## DATA BELOW
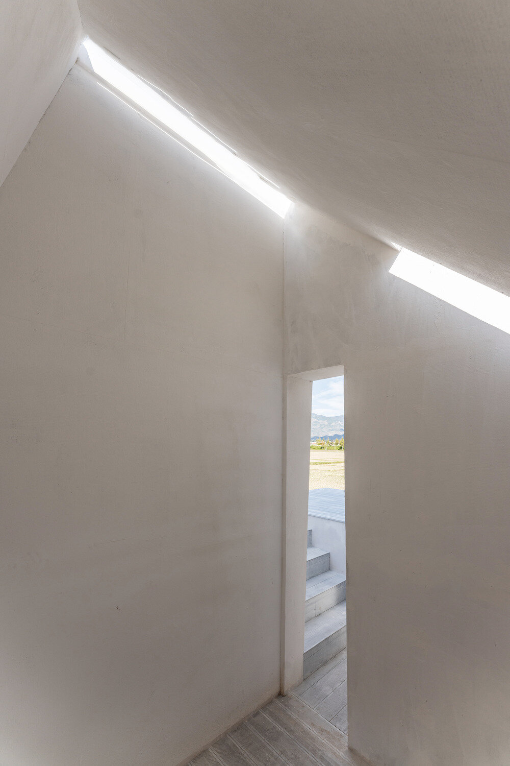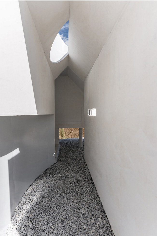 فضاي داخل بطور هدفمند تقسيم شده و در پيرامون يک راه پله بزرگ متمرکز شده است. عناصري مانند سکوهاي معلق، ديوارهاي جانبي شيب دار، سقف هاي نيم قوس، پنجره هاي کم عرض و نامنظم، و نورگيرهايي با دهانه باريک، با حفظ ميراث منطقه maintaining a nod to the area’s heritage، چشم اندازي متفاوت از منظره اطراف را به نمايش مي گذارند.
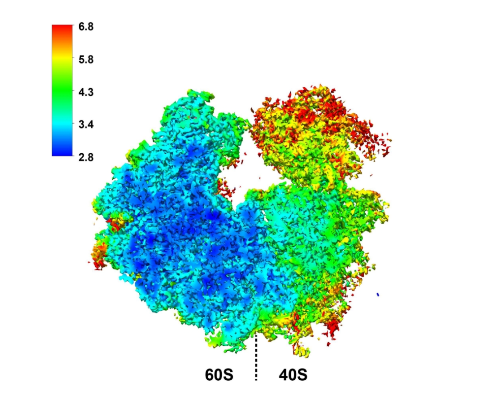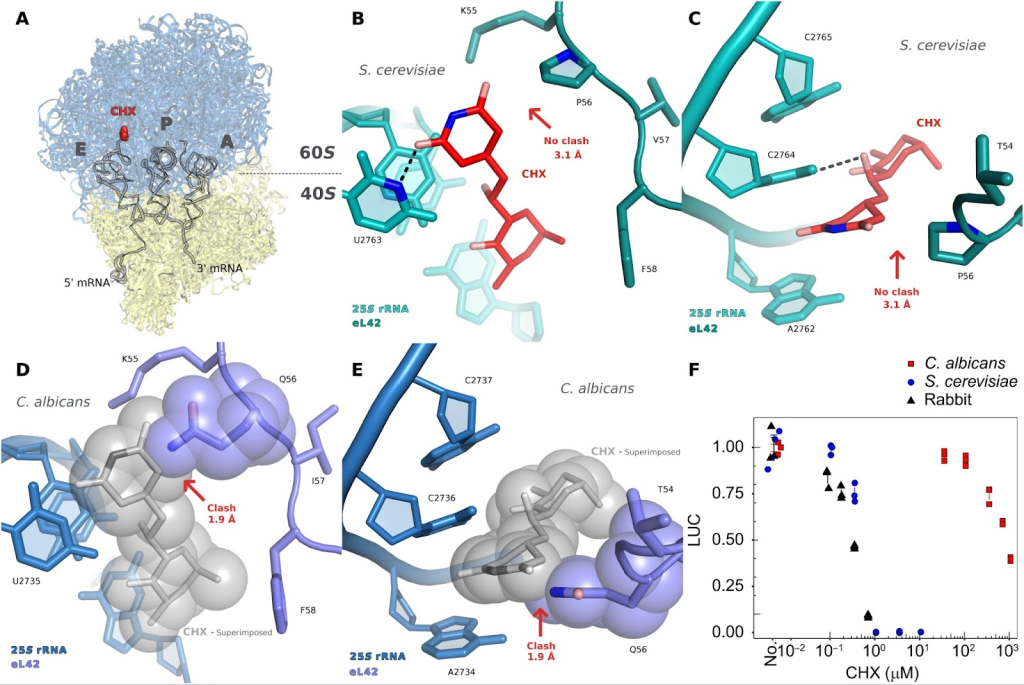 Затем ученые сосредоточились на изучении рибосомы грибка — «мозгового центра», где синтезируются белки. Авторы впервые определили структуру рибосомы Candida albicans и выяснили, почему она устойчива к антибиотику циклогексимиду. Оказалось, причина в замене точечной мутации P56Q в рибосомном белке eL42: глутамин «выталкивает» соединение из участка рибосомы, отвечающего за освобождение отработанных компонентов.
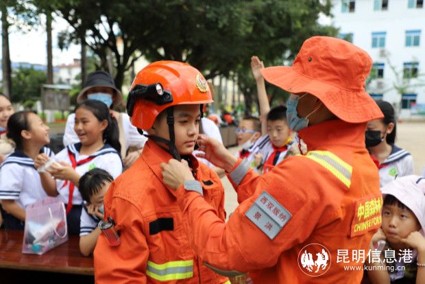 活动中,消防员向师生们讲解了森林火灾的特点、危害及地质灾害避险常识,用通俗易懂的语言教会他们消防安全知识和逃生技能,并教授他们如何操作使用灭火器。同学们饶有兴致地穿戴上消防救援服、抚摸着灭火救援器材,当起了“小小消防员”。师生还体验了消防指战员的日常生活,消防员手把手的同学叠“豆腐块”被子的方法步骤和技巧。训练场上,指战员为师生表演了斜向救援、200米灭火障碍训练。为表达感谢之情,同学们为大队指战员献上了鲜花和《致消防员叔叔的一封信》,表演了拉丁舞、诗朗诵、集体舞蹈,为大队指战员代表佩戴了红领巾。
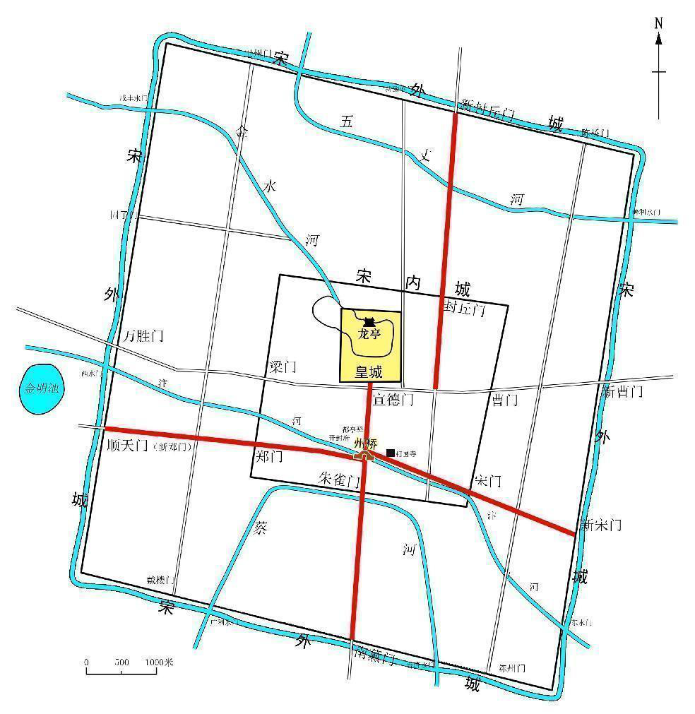 北宋东京城州桥遗址位于今开封市中山路与自由路十字路口南约50米,是北宋东京城中轴线御街与大运河(汴河段)交叉点上的标志性建筑。州桥始建于唐代建中年间(780—783年),因在州之南门故名“州桥”,五代称“汴桥”,宋代改称“天汉桥”,因“正对大内御街”,又名“御桥”。

## GOAL OF THE EXERCISE
With the pictures left out, return the listing above exactly as it stands.

## OUTPUT OF THE TASK
 فضاي داخل بطور هدفمند تقسيم شده و در پيرامون يک راه پله بزرگ متمرکز شده است. عناصري مانند سکوهاي معلق، ديوارهاي جانبي شيب دار، سقف هاي نيم قوس، پنجره هاي کم عرض و نامنظم، و نورگيرهايي با دهانه باريک، با حفظ ميراث منطقه maintaining a nod to the area’s heritage، چشم اندازي متفاوت از منظره اطراف را به نمايش مي گذارند.
 Затем ученые сосредоточились на изучении рибосомы грибка — «мозгового центра», где синтезируются белки. Авторы впервые определили структуру рибосомы Candida albicans и выяснили, почему она устойчива к антибиотику циклогексимиду. Оказалось, причина в замене точечной мутации P56Q в рибосомном белке eL42: глутамин «выталкивает» соединение из участка рибосомы, отвечающего за освобождение отработанных компонентов.
 活动中,消防员向师生们讲解了森林火灾的特点、危害及地质灾害避险常识,用通俗易懂的语言教会他们消防安全知识和逃生技能,并教授他们如何操作使用灭火器。同学们饶有兴致地穿戴上消防救援服、抚摸着灭火救援器材,当起了“小小消防员”。师生还体验了消防指战员的日常生活,消防员手把手的同学叠“豆腐块”被子的方法步骤和技巧。训练场上,指战员为师生表演了斜向救援、200米灭火障碍训练。为表达感谢之情,同学们为大队指战员献上了鲜花和《致消防员叔叔的一封信》,表演了拉丁舞、诗朗诵、集体舞蹈,为大队指战员代表佩戴了红领巾。
 北宋东京城州桥遗址位于今开封市中山路与自由路十字路口南约50米,是北宋东京城中轴线御街与大运河(汴河段)交叉点上的标志性建筑。州桥始建于唐代建中年间(780—783年),因在州之南门故名“州桥”,五代称“汴桥”,宋代改称“天汉桥”,因“正对大内御街”,又名“御桥”。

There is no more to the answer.